Anthony Hombiat - OF4OSM - un méta-modèle pour structurer la folksonomie OpenStreetMap en une nouvelle ontologie

09:30
Vendredi
24
Fév
2017
Organisé par : 
Anthony Hombiat
Intervenant : 
Anthony Hombiat
Équipes : 

 

Composition du jury :

  • Mme Anne Ruas, ingénieur des Ponts, des Eaux et des Forêts (IPEF) à l'IFSTTAR, rapporteur
  • M. Christophe Cruz, maître de conférences HDR à l'Université de Bourgogne Franche-Comté (UBFC) au laboratoire Le2i, rapporteur
  • Mme Nathalie Aussenac-Gilles, directrice de recherche au CNRS à l'IRIT, examinatrice
  • M. Jérôme Euzenat, directeur de recherche HDR à l'INRIA, examinateur
  • Mme Marlène Villanova-Oliver, Maître de Conférences à l'Université Grenoble Alpes (UGA), co-encadrante de thèse
  • M. Jérôme Gensel, professeur à l'Université Grenoble Alpes (UGA), directeur de thèse
  • M. Guillaume Allègre, membre de l'association OpenStreetMap France, invité

Depuis les années 2000, les technologies du Web permettent aux utilisateurs de prendre part à la production de données : les internautes du Web 2.0 sont les nouveaux capteurs de l’information. Du côté de l’Information Géographique affluent de nombreux jeux de données en provenance de plates-formes de cartographie participative telles qu’OpenStreetMap (OSM) qui a largement impulsé le phénomène de l’Information Géographique Volontaire (Volunteered Geographic Information, VGI). La communauté OSM représente aujourd’hui plus de trois millions de contributeurs qui alimentent une base de données géospatiales ouverte dont l’objet est de capturer une représentation du territoire mondial.

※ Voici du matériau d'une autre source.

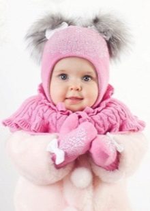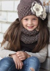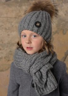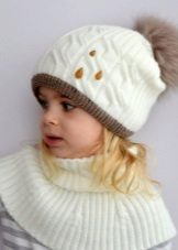 Hats complete with a scarf or snood are widely recognized not only in adults, but also in children. This is not only convenient, but also allows you to generally complement the image of the child in one style and color scheme.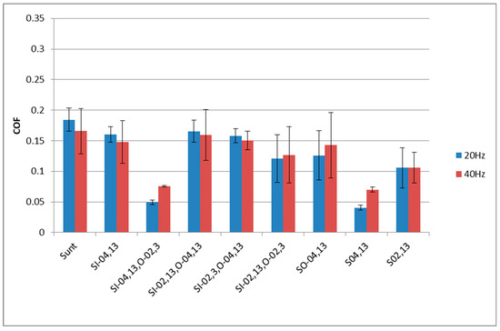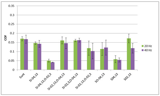 Similar results were obtained when the frequency of oscillations increased to 40 Hz. In most cases, the variation in the friction coefficient increased compared to the operation at a lower frequency of displacement. The highest friction coefficient was obtained for the untextured sample Sunt followed by samples SI-02,13,O-04,13, SI-04,13, SI-02,3,O-4,13, SI-02,13,O-02,3 and SO-04,13. In these six cases, error bars of the coefficient of friction overlapped. The smallest friction occurred for sliding pairs containing samples S04,13 and SI-04,13,O-02,3. These assemblies were also characterized by low friction fluctuation due to repeated tests. The smallest friction variation was achieved by the sliding pair containing sample SI-04,13,O-02,3. The highest reduction was approximately 55%. Disc sample S02,13 led also to a significant reduction in the friction coefficient compared to an untextured sliding pair, of about 40%; however, the variation in the friction coefficient was great.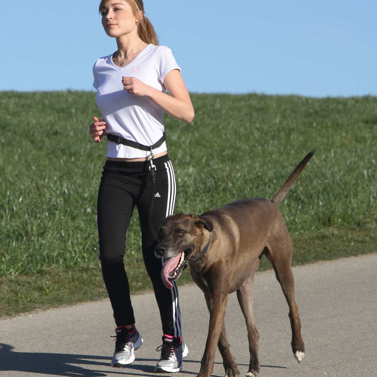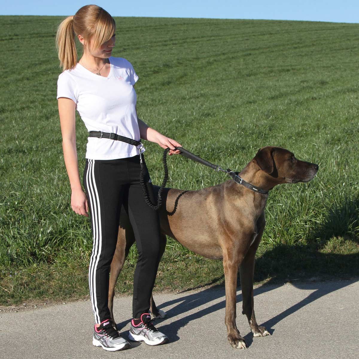 Die Hunde-Joggingleine mit verstellbarem Bauchgurt/Hüftgurt mit felxibler Leine ist ideal für Laufrunden mit dem Hund. Ruckartiges Ziehen durch den Hund wird durch die elastische Joggingleine ausgeglichen. Die Laufleine ist vom Bauchgurt abnehmbar, sodass Sie Ihren Hund auch bequem führen können.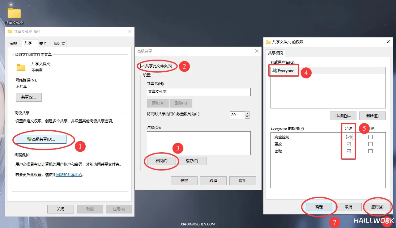 2.点击共享 ,勾选共享此文件夹 ,点击权限 ,选中Everyone 用户,分配完全控制的允许权限,设置完成后点击应用并确认。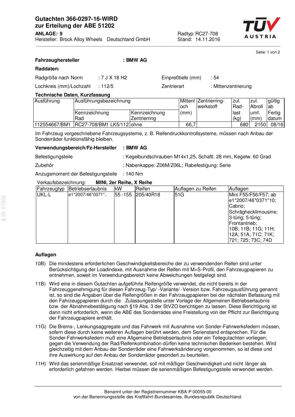 Dieses Gutachten (abe) bezieht sich auf die Alufelge Brock RC27-708 in der Ausführung 7Jx18 ET 0, Mittenloch 0 mm (KBA 51202). Im PDF findest du typischerweise zulässige Reifengrößen, Auflagen/Anbauhinweise und – je nach Dokument – Hinweise zur Eintragung.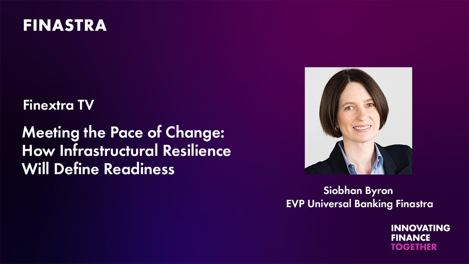 In this Finextra TV interview, Siobhan Byron, Executive Vice President of Universal Banking at Finastra, explains what is fueling this pace of change, where the industry is heading, and why resilient infrastructure is now essential for sustainable growth.

Les éléments cartographiques qui découlent de ce déluge de VGI sont caractérisés par des tags. Les catégorisation du contenu par tag est une méthode simple, rapide et largement répandue sur les plates-formes de crowdsourcing. Cependant, cette approche est un obstacle majeur pour le partage et la réutilisation de ces grands volumes d’information. En effet, ces ensembles de tags, ou folksonomies, sont des modèles de données beaucoup moins expressifs que les ontologies.

Dans cette thèse, nous proposons un méta-modèle pour structurer la folksonomie OSM tout en préservant sa flexibilité. Ce méta-modèle permet d’identifier différents types de tags OSM puis de les enrichir sémantiquement en une base connaissances OSM sous la forme d’une ontologie : OF4OSM. Comparativement aux travaux existants, cette ontologie présente une couverture des tags supérieure, une expressivité formelle accrue, une meilleure interconnexion avec d’autres bases de connaissances et respecte la philosophie participative du projet OpenStreetMap.

Ces travaux ouvrent la voie à la constitution d’une base de connaissances structurées des données géographiques issues de la VGI intégrée dans le Web des Données Ouvertes et Liées (Linked OpenData, LOD). Cette nouvelle base sera un support pour le contrôle des données au moment de l’acquisition, mais également une aide pour la restitution de l’information. Ceci dans le but d’augmenter la qualité de l’Information Géographique Volontaire.